**Exercise**
Exactly the lines below from the one with "Die Oberfläche ist" up to and including the one with "Eingangstor, wandmontiertes Drehkreuz, mit" make up the answer, with nothing else added.

**Data extracts**
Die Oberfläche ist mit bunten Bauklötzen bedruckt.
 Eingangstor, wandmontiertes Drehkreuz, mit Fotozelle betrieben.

* * *

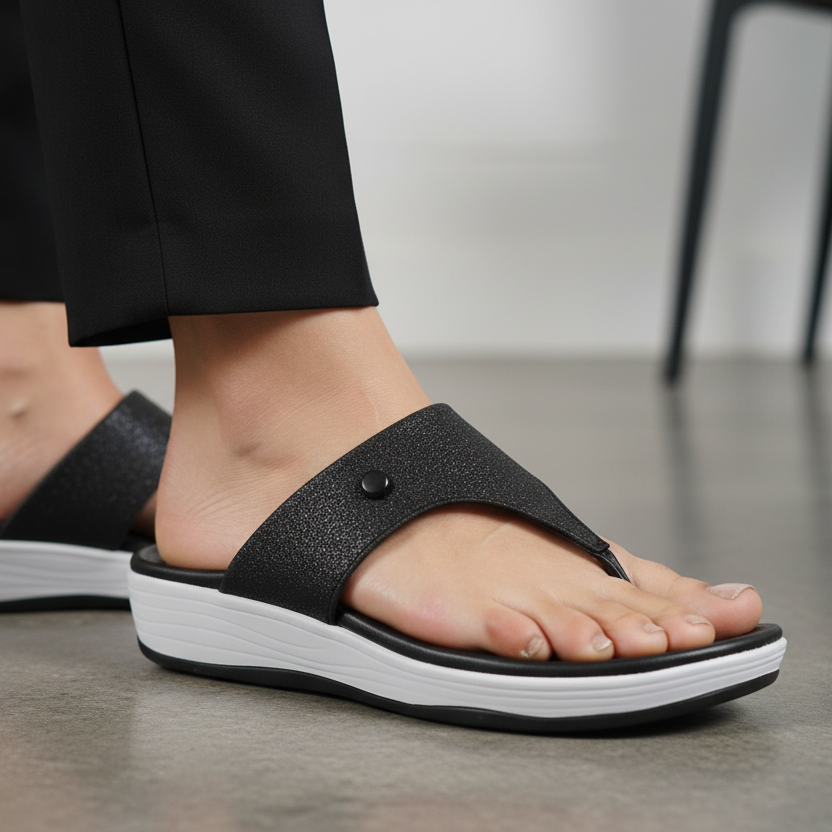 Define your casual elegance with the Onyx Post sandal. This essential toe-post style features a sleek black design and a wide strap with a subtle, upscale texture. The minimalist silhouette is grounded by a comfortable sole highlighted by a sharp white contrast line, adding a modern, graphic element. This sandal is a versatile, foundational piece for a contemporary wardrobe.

**Solution to the exercise**
Die Oberfläche ist mit bunten Bauklötzen bedruckt.
 Eingangstor, wandmontiertes Drehkreuz, mit Fotozelle betrieben.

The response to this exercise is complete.